I implemented solution suggested by Bakuriu and it seems to be working. 我实施了Bakuriu建议的解决方案,它似乎正在运作。 But what will be the best way to combine numerous testing? 但是,结合众多测试的最佳方法是什么? Like I need to check for several conditions. 就像我需要检查几个条件。 Lets say: v 让我们说:v

  • efficiency for less than 40 in 10 cycles in a row, 连续10个周期内效率低于40,
  • capacity for less than 40 in 5 cycles in row 连续5个循环的容量小于40
  • time for less than 40 for 25 cycles in a row 连续25个循环的时间少于40
  • and some others... 还有一些......

Right now I just open csv.reader for every testing and run the function. 现在我只需打开csv.reader进行每次测试并运行该功能。 I guess it is not the most efficient way, although it works. 我想这不是最有效的方式,虽然它有效。 Sorry, I am just a complete noob. 对不起,我只是一个完整的菜鸟。
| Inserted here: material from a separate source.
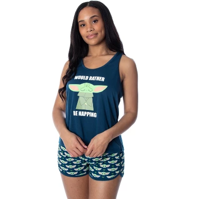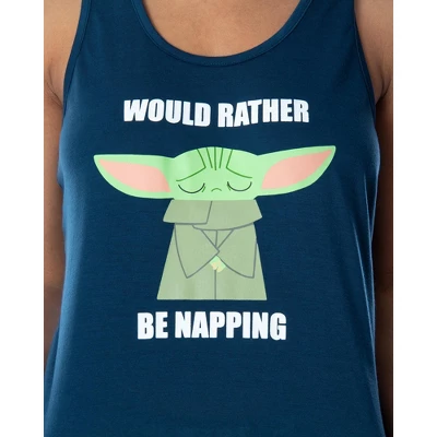 - WONDERFUL BABY YODA CHARACTER DESIGN AND SAYING – This 2 pc pajama set features a racerback muscle tank top and shorts. The top has a large The tank top features a large front design of Baby Yoda with the saying Would Rather Be Napping! Wouldn’t We all sometimes?! The bottoms feature a cute allover Baby Yoda and frog design and have a stretchy waistband with Star Wars script all around.
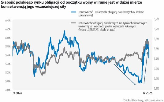 Z kolei silne spadki obligacji skarbowych wyraźnie zaniepokoiły inwestorów, którzy tak gwałtownej, kilkuprocentowej przeceny nie widzieli od czterech lat. Rentowność polskich 10–letnich obligacji wzrosła z 4,9 proc. do niemal 6 proc., czyli do poziomu notowanego rok wcześniej. W ciągu pięciu tygodni działań wojennych na Bliskim Wschodzie polskie obligacje należały do najsłabszych na świecie, podczas gdy krajowe akcje pozostawały jednymi z najmocniejszych. Czy z tej rozbieżności należy wyciągać negatywne wnioski dla przyszłości krajowego rynku długu?

csvfiles = glob.glob('processed_data/*.stat')
for filename in csvfiles: 

    flag=[]
    flag.append(filename[-12:-5])
    reader = csv.reader(open(filename))
    for a, row_group in enumerate(row_grouper(reader,10)):
        if all(float(row[1]) < 40 for row in row_group):         
            str1= "Efficiency is less than 40 in cycles "+ str(a+1)+'-'+str(a+10)  #i is the index of the first row in the group.
            flag.append(str1)
            break #stop processing other rows.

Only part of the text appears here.